▶ [What is being asked]: Return the data verbatim, without pictures.

▶ [Raw data]:
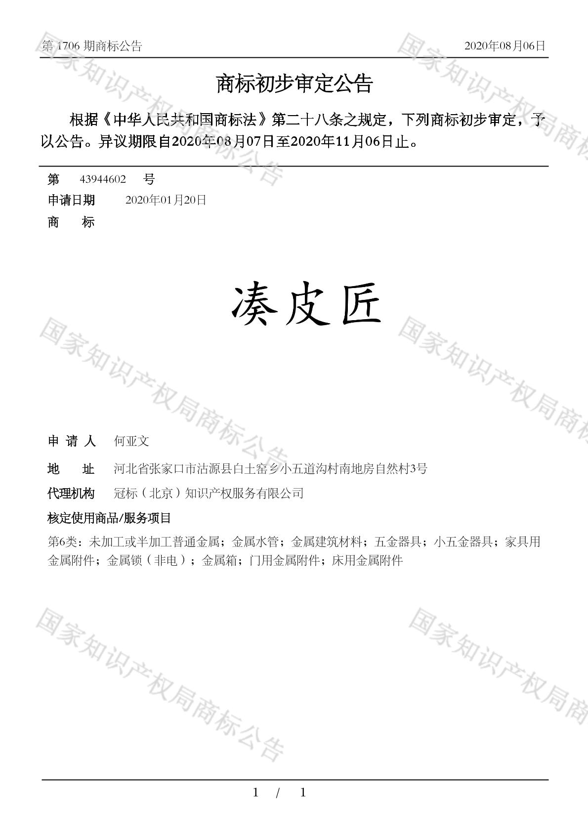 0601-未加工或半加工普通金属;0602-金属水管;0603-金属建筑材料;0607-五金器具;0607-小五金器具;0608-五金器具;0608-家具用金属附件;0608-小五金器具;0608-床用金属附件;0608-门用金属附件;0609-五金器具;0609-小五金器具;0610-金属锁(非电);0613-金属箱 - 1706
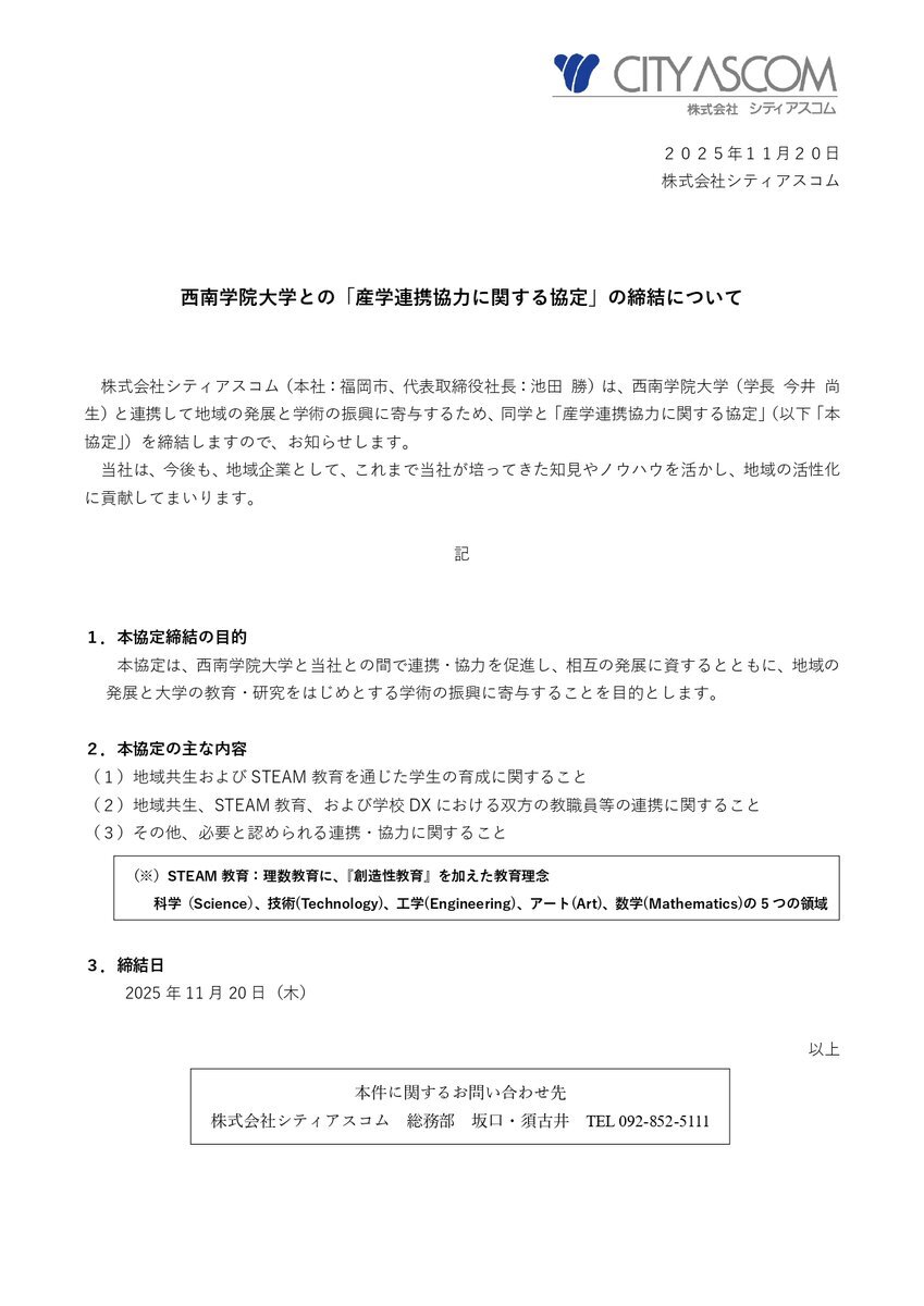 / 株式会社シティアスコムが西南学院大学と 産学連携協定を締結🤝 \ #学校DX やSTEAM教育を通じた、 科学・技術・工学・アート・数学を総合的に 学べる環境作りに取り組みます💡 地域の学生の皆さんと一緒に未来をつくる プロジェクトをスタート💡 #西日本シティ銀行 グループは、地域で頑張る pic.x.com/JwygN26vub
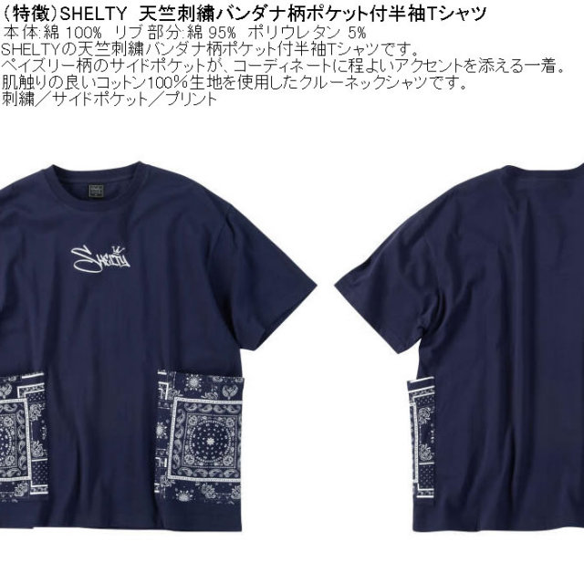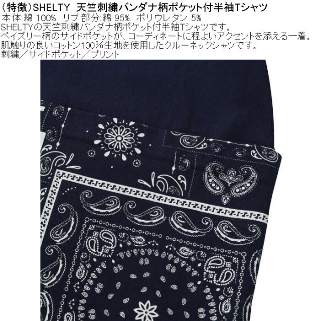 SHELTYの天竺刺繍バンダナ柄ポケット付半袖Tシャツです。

▶ [Completed task]:
 0601-未加工或半加工普通金属;0602-金属水管;0603-金属建筑材料;0607-五金器具;0607-小五金器具;0608-五金器具;0608-家具用金属附件;0608-小五金器具;0608-床用金属附件;0608-门用金属附件;0609-五金器具;0609-小五金器具;0610-金属锁(非电);0613-金属箱 - 1706
 / 株式会社シティアスコムが西南学院大学と 産学連携協定を締結🤝 \ #学校DX やSTEAM教育を通じた、 科学・技術・工学・アート・数学を総合的に 学べる環境作りに取り組みます💡 地域の学生の皆さんと一緒に未来をつくる プロジェクトをスタート💡 #西日本シティ銀行 グループは、地域で頑張る pic.x.com/JwygN26vub
 SHELTYの天竺刺繍バンダナ柄ポケット付半袖Tシャツです。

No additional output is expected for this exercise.